_Data below_

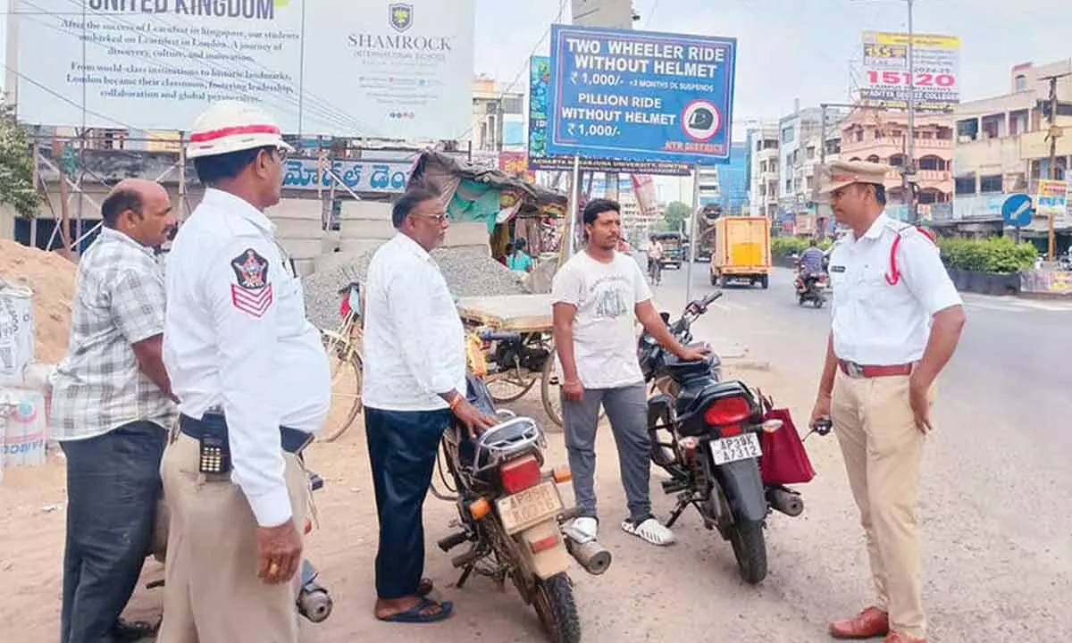 Vijayawada: Traffic police of the NTR District Police Commissionerate conducted a special awareness drive for two-wheeler riders on the importance of wearing helmets, as part of efforts to improve road safety and reduce accidents in the city.
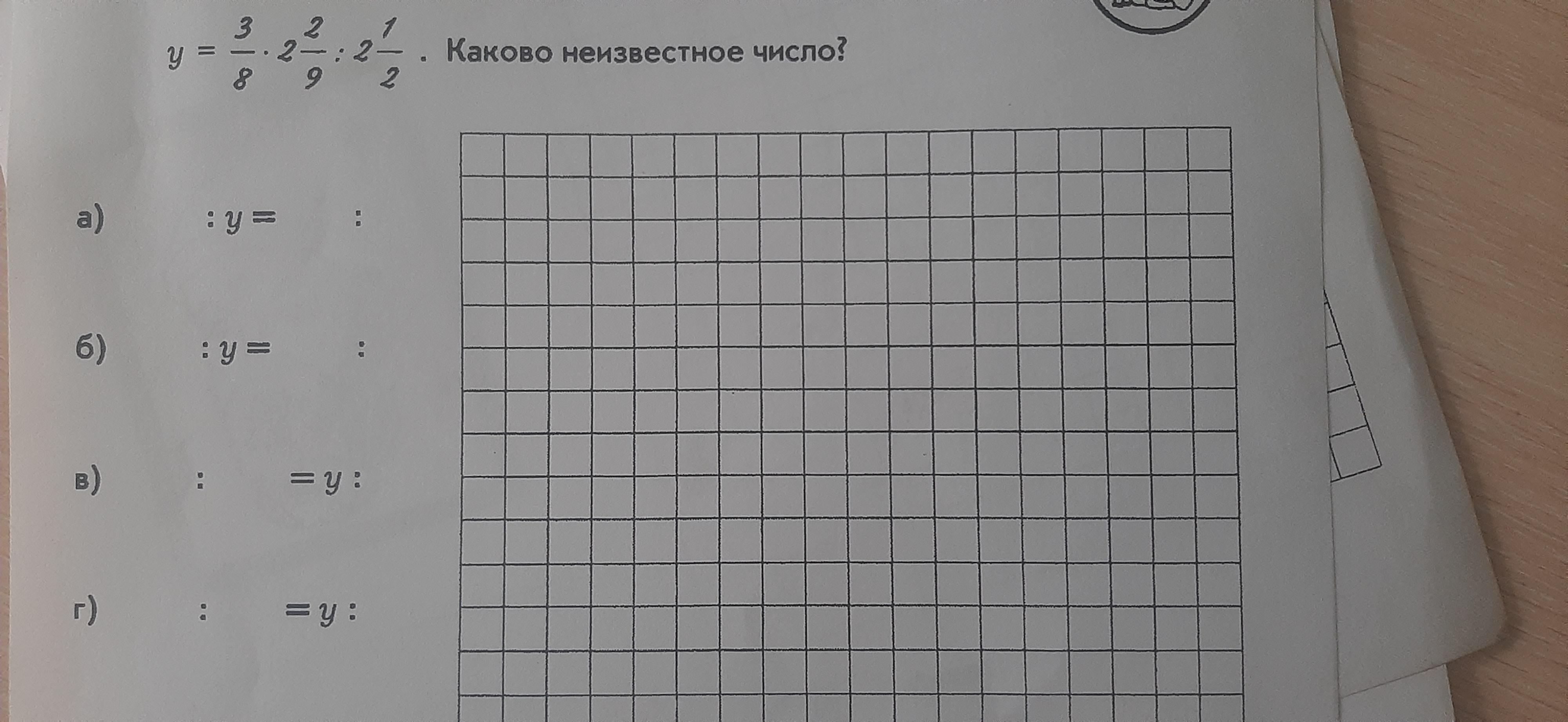 2 1/2 * у = 3/8 * 2 2/9 - произведение средних членов = произведению крайних членов
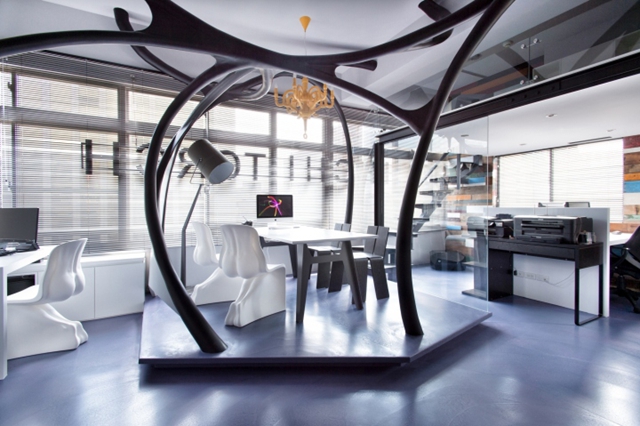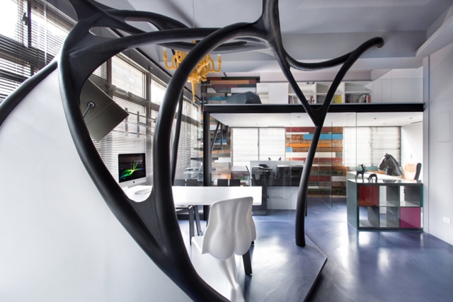 这种张扬的、艺术的、甚至令人咋舌的设计,已经像潜行的新生命在运动,设计师应该多收集有关信息,看到更多新东西,创造未来感。这家公司的办公室整洁、透明,采用了透明玻璃连接无缝混凝土地板,本身办公室的空间并不大,这种做法可以在视觉上扩展面积。这种“大动作”的造型创意,其实可以取一些元素来做为尝试,要知道年轻人往往更爱创意和创新的装修或设计,挑战一切他们认为有意思的东西。
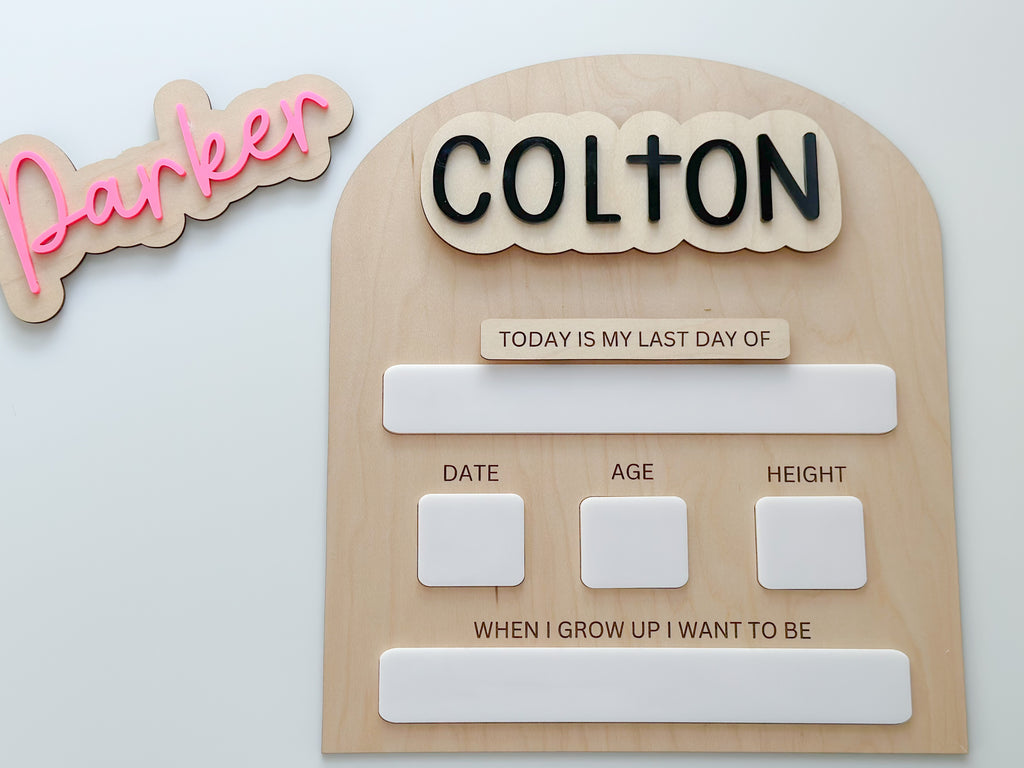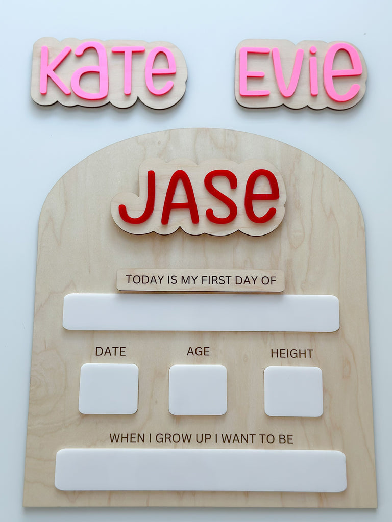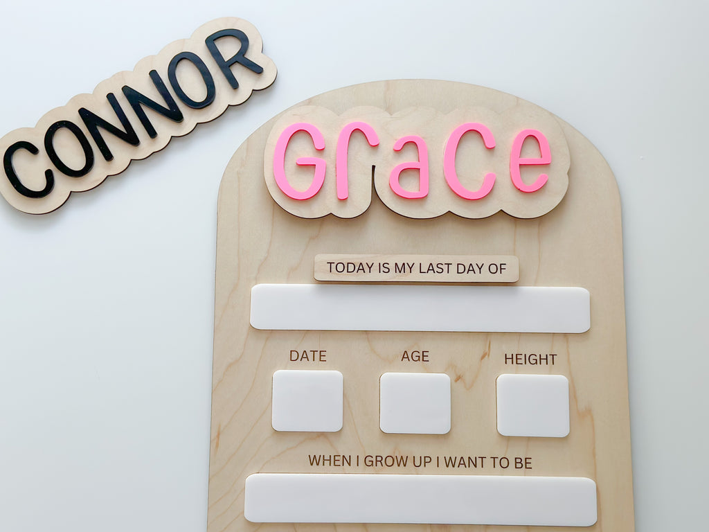 - Single names will be cut out of acrylic glued to a wooden backing and will be glued directly to the board, no magnet.

_Exercise instructions_
The entire listing above, minus its pictures, should be copied out exactly.

_Exercise response_
 Vijayawada: Traffic police of the NTR District Police Commissionerate conducted a special awareness drive for two-wheeler riders on the importance of wearing helmets, as part of efforts to improve road safety and reduce accidents in the city.
 2 1/2 * у = 3/8 * 2 2/9 - произведение средних членов = произведению крайних членов
 这种张扬的、艺术的、甚至令人咋舌的设计,已经像潜行的新生命在运动,设计师应该多收集有关信息,看到更多新东西,创造未来感。这家公司的办公室整洁、透明,采用了透明玻璃连接无缝混凝土地板,本身办公室的空间并不大,这种做法可以在视觉上扩展面积。这种“大动作”的造型创意,其实可以取一些元素来做为尝试,要知道年轻人往往更爱创意和创新的装修或设计,挑战一切他们认为有意思的东西。
 - Single names will be cut out of acrylic glued to a wooden backing and will be glued directly to the board, no magnet.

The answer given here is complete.